The extension configures three techniques to evade discovery and deletion. The extension adds a listener for chrome://extensions, and any requests to that page will be redirected to chrome://settings. The extension configures onClicked actions so that a left or right-click on the extension’s context menu will also open a tab to chrome://settings. Finally, if the user is able to bypass these barriers, the extension configures an UninstallURL so a tab to the following URL will be opened if the extension is successfully removed: 
https:///uninstall?ext=&ver=&dd=

Core Functionality

The core functionality of the extension comes from its two alarms. These alarms run periodically to maintain the C2 heartbeat and update the delivered ad content.

 

 Heartbeat Alarm Every three hours, the heartbeat alarm makes a series of callouts to the C2. First, it makes a GET request to: 
https:///hb?ext=&ver=&dd=
This is followed by a GET request to https:///redsync, and the response of this request is sent in a call to: 
https:///sync?ext=&ver=&dd=&info=
The heartbeat and response do not influence the client-side code. The extension does not handle any fail requests or returned data. It just serves as a check-in to the C2 and is simply a notification of a live infection.

 

 Ad Alarm The ad alarm runs every 30 minutes. Its objective is to ensure that the ad content is updated and running. To do this, it retrieves the ad object from the expiry storage. If it is expired, new ad content is loaded from: 
https:///ad?ext=&ver=&dd=
This content is opened in a new tab, and the new tab’s tabId is stored in expiry storage with a 24-hour expiration date. If the alarm runs and the ad content is not expired, then it checks to see if the tabId is still open. If it isn't, it proceeds as if the ad content is expired.

Fake Safari Installer

Research into this family led to the discovery of a variant targeting the Safari browser. This variant shares many similarities to the Chrome variant; however, it is technically less advanced.

 

Installation

The Safari installer variant shares a similar delivery mechanism via DMGs with random names and the Application Installer volume name; however, all Safari DMGs have been observed to use script files with the naming convention SafariInstaller.command. Much like the Chrome variant, the SafariInstaller.command files download their payload from statically defined staging servers. The response contains two Base64 data blobs that decode into Python code. These blobs are inserted directly into two plist files. Unlike the Chrome variant, the plist files pipe the Base64 decoded data to Python and then bash. 
<key>ProgramArguments</key>
<array>
<string>sh</string>
<string>-c</string>
<string>echo aW1w -< SNIP >- kKQ== | base64 --decode | python  | bash</string>
</array>

Persistence and Core Functionality

The first plist, ~/Library/LaunchAgents/com.safarii.extension.plist, does not use a StartInterval value like the Chrome variant, but instead uses RunAtLoad.
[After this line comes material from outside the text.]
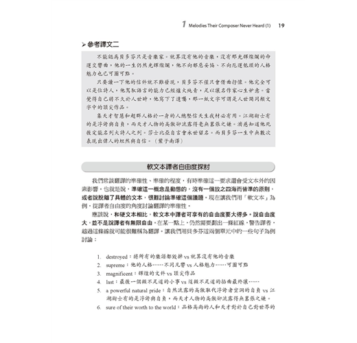 1. Melodies Their Composer Never Heard (1) 短文:軟文本譯者自由度探討
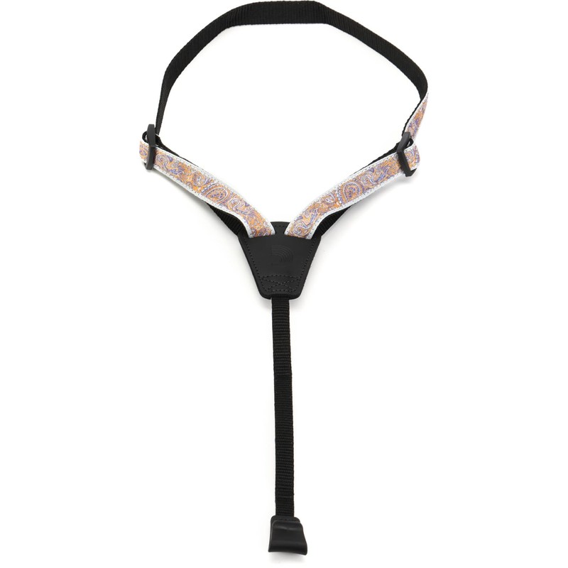 D'Addario Cradle Ukulele Strap - Ukulele Straps with Rubber Hooks - No Drilling Ukulele Strap - Paisley Grey/Orange

The RunAtLoad parameter is executed when the user logs into their computer. Note that the plist file does not use the correct spelling of Safari.

 

 At the time of writing, the Python payload runs in an infinite loop and serves two functions:
  1. Sends a periodic heartbeat (approximately every hour)
  2. Monitors search engine queries in Safari
The script ensures that only one copy is running via a call to ps aux. If any process commandline contain base64 –decode | python, then the newly executing script exits.

 

 The hourly heartbeat calls out to: 
https:///hb?ext=saf&ver=&is=0&dd=&q=
Similar to the Chrome extension, the Python script monitors searches to Google, Yahoo and Bing through the use of AppleScript. Every loop interval (~0.1 seconds), the following osascript process is used to capture the currently opened Safari URL: 
osascript -e 'tell application "safari"
set curURL to URL in front document
return curURL
end tell’
If a new search query is found, the Safari window’s URL is overwritten with:

 

 
https:///search?ext=saf&ver=&is=0&dd=&q=
This is accomplished by the following osascript process:

 

 
osascript -e 'tell application "safari"
set URL in front document to ""
end tell’
If the script detects that it does not have the necessary transparency, consent and control (TCC) permissions to launch osascript or call out to the C2, it will launch a tccutil subprocess to reset all permissions for Apple Events. By resetting this value, the user will be re-prompted with a security warning. The author is hoping that because of the new prompt, the user will allow the Apple Events communication.

 

 The SafariInstaller.command script writes its second plist file to ~Library/LaunchAgents/com.extension.pop.plist. This plist serves the same purpose as com.chrome.extensionsPop.plist. It uses Python and an os.system call to open a new Safari window to the same https<:>//ationwindon<.>com domain observed in the Chrome installer variants.

Impact

Both variants result in an altered user experience. Accomplished through the Chrome extension or AppleScript, both variants are highly persistent and perform browser hijacking. They are successful in continually displaying ad content and redirecting web searches to attacker-controlled redirect pages.

 

The Falcon Platform’s Continuous Monitoring and Visibility

The Falcon platform takes a layered approach to protect workloads. Using on-sensor and cloud-based machine learning, behavior-based detection using indicators of attack (IOAs), and intelligence related to tactics, techniques and procedures (TTPs) employed by threats and threat actors, the Falcon platform enables visibility, threat detection and continuous monitoring for any environment, reducing the time to detect and mitigate threats.
Figure 2. Suspicious plist creation (Click to enlarge)
The Falcon platform’s behavior-based IOAs detect and prevent behaviors that indicate malicious intent. For example, Falcon detects and prevents behavior such as the installation of suspicious ASEP plist files (see Figure 2) and execution of sideloaded, suspicious Chrome extensions (see Figure 3).
Figure 3. Previously infected host IOA detection (Click to enlarge)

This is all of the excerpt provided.